Democratizing Kaplan-Meier

By: Michael Kaminsky

TL;DR: We've used Looker on PostgreSQL to allow anyone in the company to perform Kaplan-Meier analysis on our retention data to drive insights and make decisions.

At Harry’s, we strive to have a robust understanding of our customers, and we’re particularly interested in identifying features of customers and their behavior that increase retention and reduce churn. One of the key difficulties in these time-to-event analyses is that measures of central tendency often give a very incomplete picture of customer behavior and so more sophisticated methods are often required.

For example, if you want to understand customer retention, you might ask ‘of those who have made one purchase from us, how many have made two’? Unfortunately, this has a lot of potential to be misleading because not all of your customers have the same ‘exposure’. That is, customers acquired 3 years ago have had 3 years to come back, but customers acquired last week probably won’t have already made another purchase. You can fine-tune this line of questioning quite a bit to drive at something that’s pretty reasonable, but any single number is going to be missing key information because time-to-event analysis is fundamentally a two-dimensional problem – you need to know both how many events happened, but also when they are happening.

Enter the retention curves, which often looks something like this:

Example Curve

This curve is showing the cumulative share of customers who have made a second purchase among those who made a first purchase in Q1 or Q2 respectively. The higher your curves, the more customers are returning to buy your products, and the better your business is doing.

The catch with the way this is generally done in Excel is that you can only show the curve for as long as you have complete information. That is, if you want to show a retention curve for 52 weeks, everyone in the cohort has to have made their first purchase at least 52 weeks ago. This is sort of a bummer, because you are throwing away good information you have about the people who started at the beginning of the quarter and have made it to 52 weeks. Additionally, these curves don’t generalize well to comparing cohorts that aren’t based on time (e.g., gender) because it’s difficult to know what the correct denominator is for any given week since your cohorts didn’t all make their first purchases at the same time.

It turns out that this problem can be solved with Kaplan Meier analysis. Kaplan Meier analysis is a well-known statistical tool for understanding differences in survival rates across cohorts. Kaplan Meier is a well-studied technique and is very commonly used in medical research to assess the differential impact of treatment interventions on patient outcomes. As it turns out, Kaplan Meier analysis can also be used to effectively understand retention and churn among customers.

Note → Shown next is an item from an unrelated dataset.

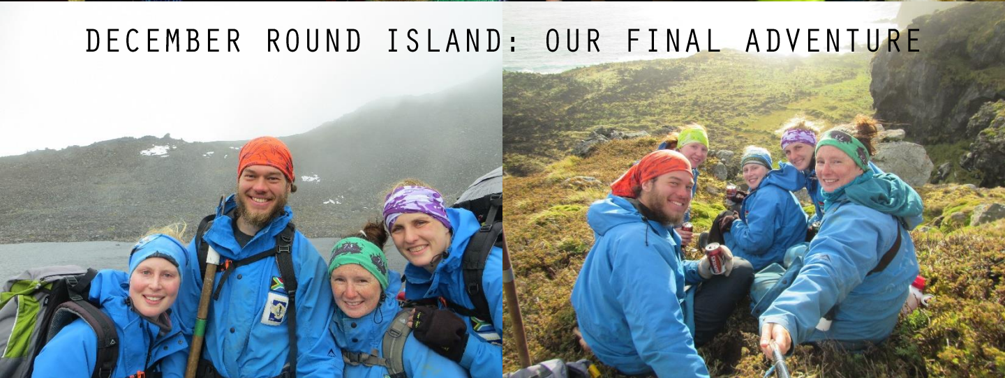
DECEMBER ROUND ISLAND: OUR FINAL ADVENTURE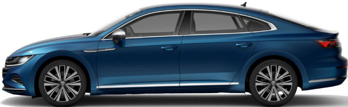
The above image shows optional Kingsfisher Blue metallic paint

The key feature of Kaplan Meier analysis is that it is well suited to handling a phenomenon known as data ‘censoring’. Censoring occurs when you don’t have the same amount of observation time for all of the individuals in your study. In clinical trials, for example, this happens when patients ‘drop out’ of the study early: they move, or they stop being interested, or simply get sick of participating.

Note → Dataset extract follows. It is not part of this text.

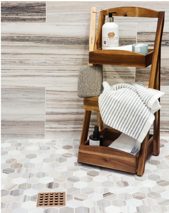
CS-Skyline Multi Finish 2 x 2 Hex Mesh & Honed 12 x 24

The Completa Series (CS) is a collection of natural stone tile, trim and mesh mount designs offered in six color collections each with 12 or more mesh mount variations. Each mosaic variation is artistically crafted with exclusive materials strategically arranged to display the material in unique and breathtaking designs. Shown here is CS-Skyline which is a warm toned marble with linear variations of cream, taupe and brown throughout. Its striking color variations add visual interest while remaining neutral enough to be used in a variety of designs. A mesh backing is adhered to the back of each decorative mesh mount product. Because this series is comprised of natural stone, there will be noticeable variations in color and movement between pieces. Therefore, it is important and recommended that a range of this product be viewed before finalizing a purchase. Piece to piece variation in shade or color are inherent in all natural stone products; therefore, when installing natural stone tile, it is recommended to mix tiles from several boxes at a time during installation to achieve the best range of color. As natural stone products, it is recommended that these be sealed to extend their longevity. When installing any of the options with white stone, you must use a white thinset. Using a grey thinset will leave trowel lines and could stain the stone.

Imagine a year long study of 100 people with terminal cancer who are given a new treatment. The ‘event’ of interest in this study is death, so the doctors are interested in whether or not there is a difference in the survival rates of those who get the treatment vs those who received a placebo. Now imagine one of the patients receiving the treatment drops out of the study after 6 months. On the one hand, the researchers can’t assumed that the patient survived a whole year because that might over-state the impact of the treatment. On the other hand, if the researchers throw out that patient’s data they might accidentally under-estimate the impact of the treatment because that patient did survive for at least 6 months.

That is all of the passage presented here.